I absolutely agree that there is overloaded terminology - when it comes to making security decisions and presentation, it is often unclear what the author intended, as some is handled by blink, some is provided by blink, and some is handled by //net and //URL
(Prime example: //URL knows about the origins for filesystem, which is neither a tuple nor 6454, but doesn't know about blob, which follows the same rules and is in the URL living standard)
On Jun 2, 2015 3:15 PM, "Ryan Hamilton" <r...@chromium.org> wrote:
>
> Do you have any suggestions for what to call {scheme,host,port} in net? I kinda feel like Origin is still a fine name, but I can imagine there are contexts (like those you allude to) where using such a data type name would be misleading.
Let the bad naming commence!
OriginTuple - always a scheme/host/port. Only viable for Standard URLs (generic URL syntax with a scheme host port). Maybe allowed to be converted to SerializedOrigin (see below), but not vice versa. Can be created from a GURL, but may fail (e.g. non standard scheme)
SerializedOrigin - bytes on the wire representation. Cannot be converted to other types, because it's a lossy operation. Should probably only be created from SecurityOrigins, since it is inherently the result of a security check.
SecurityOrigin - Blink's full handling of all the web platform features. Can be converted to serializedorigin, but not vice versa. MAY be convertible to OriginTuple, but that may fail, and can't be converted back.

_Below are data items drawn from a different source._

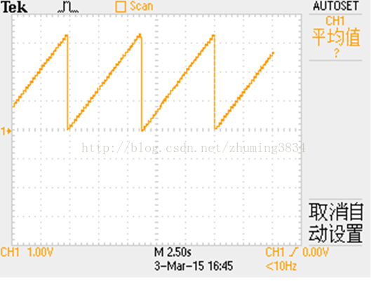 通过示波器测试出DAC8830的输出脚,波形如图: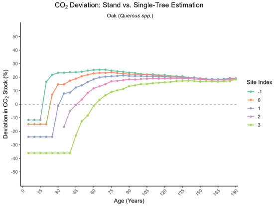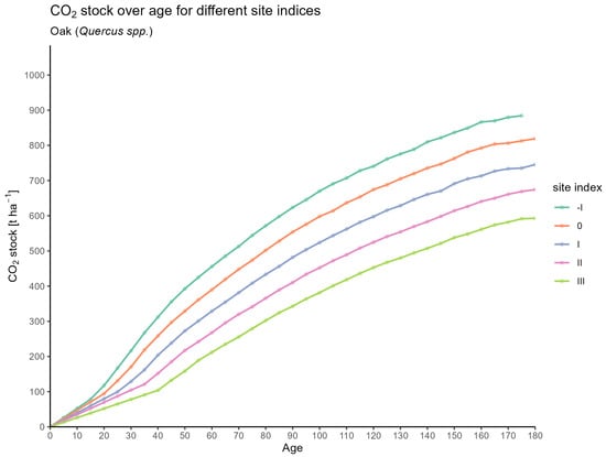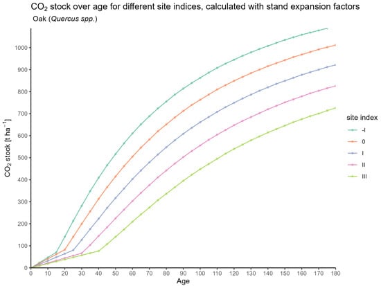 While in Figure 1 the stock was derived by scaling individual-tree estimates and stem numbers following Riedel and Kändler (2017) [18], Figure 4 presents results based on stand expansion factors according to Pretzsch (2009) [22]. Both approaches rely on the identical yield tables provided by Albert et al. (2024) [40], ensuring consistency of the underlying growth assumptions while allowing for a methodological comparison of tree-level versus stand-level upscaling. Figure 4 illustrates the accumulation of carbon dioxide () stock in tonnes per hectare (t ) over time (age in years) for oak (Quercus spec.).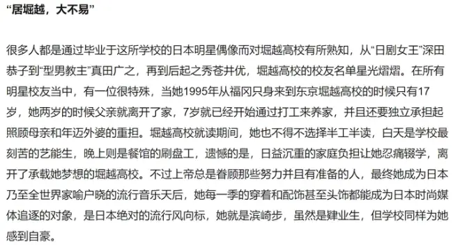 而如果把秀尽和洸星分开,洸星高校的原型还有另一种可能——日出高校。 堀越高校历来被称作文娱圈半壁江山,而另一半江山就是同在涩谷附近的日出高校,现更名目黑日本大学高校。 日出高校的毕业生更是重量级:山口百惠、新垣结衣、铃木爱理。 日出高校比堀越离三轩茶屋还近,如果洸星真在这里,确实适合阿蓝住下,每天波特还没下地铁阿蓝就已经进教室了。

DisplayOrigin - the logical security boundary for things like permissions (see Raymes' thread on security-dev) and has enough context to present to the user. Depends on how that thread settles go figure out what it can be created from.

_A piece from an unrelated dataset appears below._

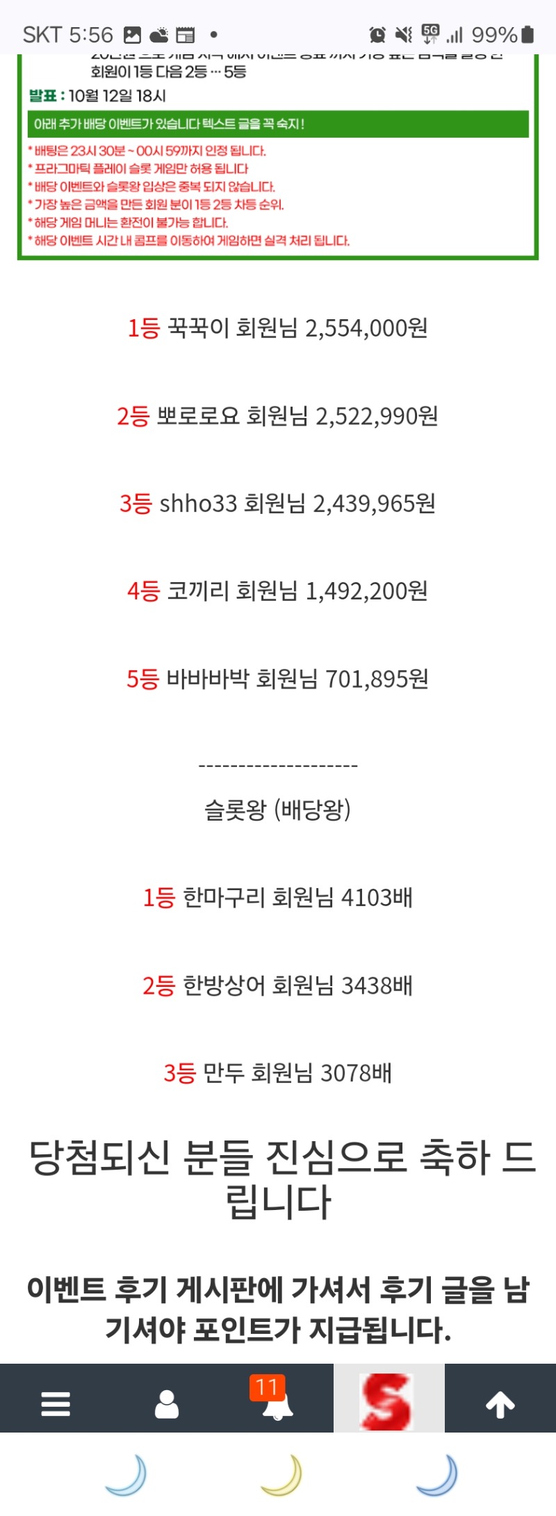 슬롯왕 배당왕 3등당첨 만두 슬롯왕 94 340 2 0 2024.10.12 05:58 * 이용하는 놀이터 및 닉네임을 미작성시 당첨 무효가 될수있습니다. 이용 놀이터 우루스 놀이터 닉네임 만두 2 0 Author 11 3 Lv.14 만두 14 23,713,418 (10%) 만두님 보유 포인트 : P 1,017,031 03.03 출석 03.02 출석 03.01 출석 +19 02.28 만근신청 02.28 출석

That's at least four usages with different layering, needs, and interpretations.... Maybe more.
On Jun 2, 2015 3:53 PM, "Ryan Hamilton" <r...@chromium.org> wrote:
>
> Thanks! That sounds reasonable[1]. Out of curiousity, why does the fourth origin have "Display" in the name?
>
> 1. Completely insane, but that appears to be the fault of the specs.
>
I don't think it's any more insane than overloaded terms like "account" or "principal" in OS security terms. It has a meaning, and a shared concept, but the details are nuanced to the context (e.g. on Linux, there is uid/gid... But also euid and such, on Windows there is the security identifier/SID, but a thread might be impersonating, etc)

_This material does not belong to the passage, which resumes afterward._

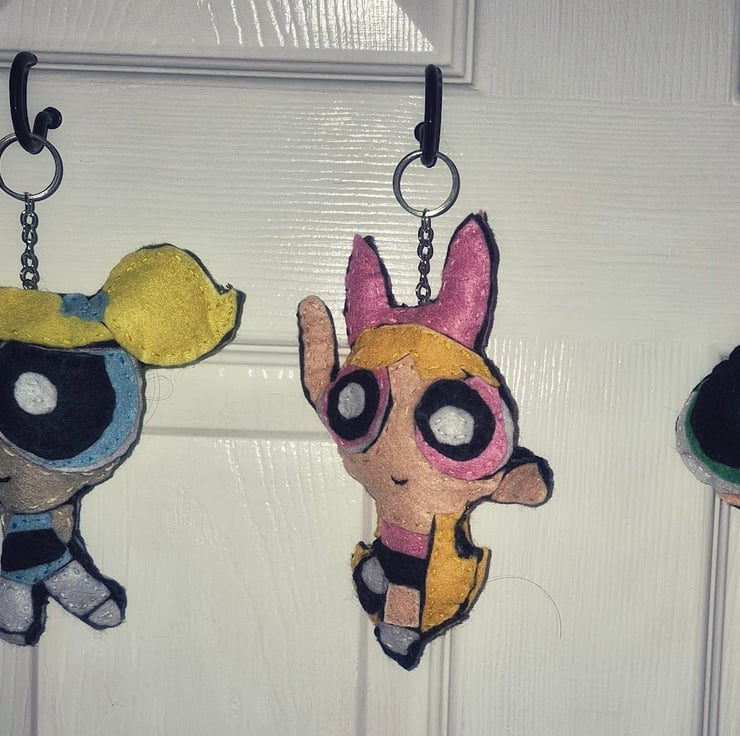 The character is finished front and back with felt detailing and attached to a metal keyring chain, making it ideal for use as a keyring, bag charm, or decorative hanging. Lightweight but sturdy, it adds a fun pop of colour and personality wherever it’s displayed.

Display exists for purposes such as permissions and the like. For example, the sandboxed iframe might have a URL of filesystem:https://foo.example/blah, an opaque origin due to an iframe sandbox, serialized as "null" during a WebSockets exchange because of it, but might have inherited the permissions from (https, foo.example, 443). The last is the thing we'd want to communicate to the user, for example.
Anyways, I wasn't so much looking for agreement as throwing out awful strawmen to be torn apart, since I easily could have misstated things. But even if I'm wrong in a degree of magnitude, it hopefully echoes my agreement with Adam that things are complicated and depend on what layer you're looking at.
OriginTuple - always a scheme/host/port. Only viable for Standard URLs (generic URL syntax with a scheme host port). Maybe allowed to be converted to SerializedOrigin (see below), but not vice versa. Can be created from a GURL, but may fail (e.g. non standard scheme)
DisplayOrigin - the logical security boundary for things like permissions (see Raymes' thread on security-dev) and has enough context to present to the user. Depends on how that thread settles go figure out what it can be created from.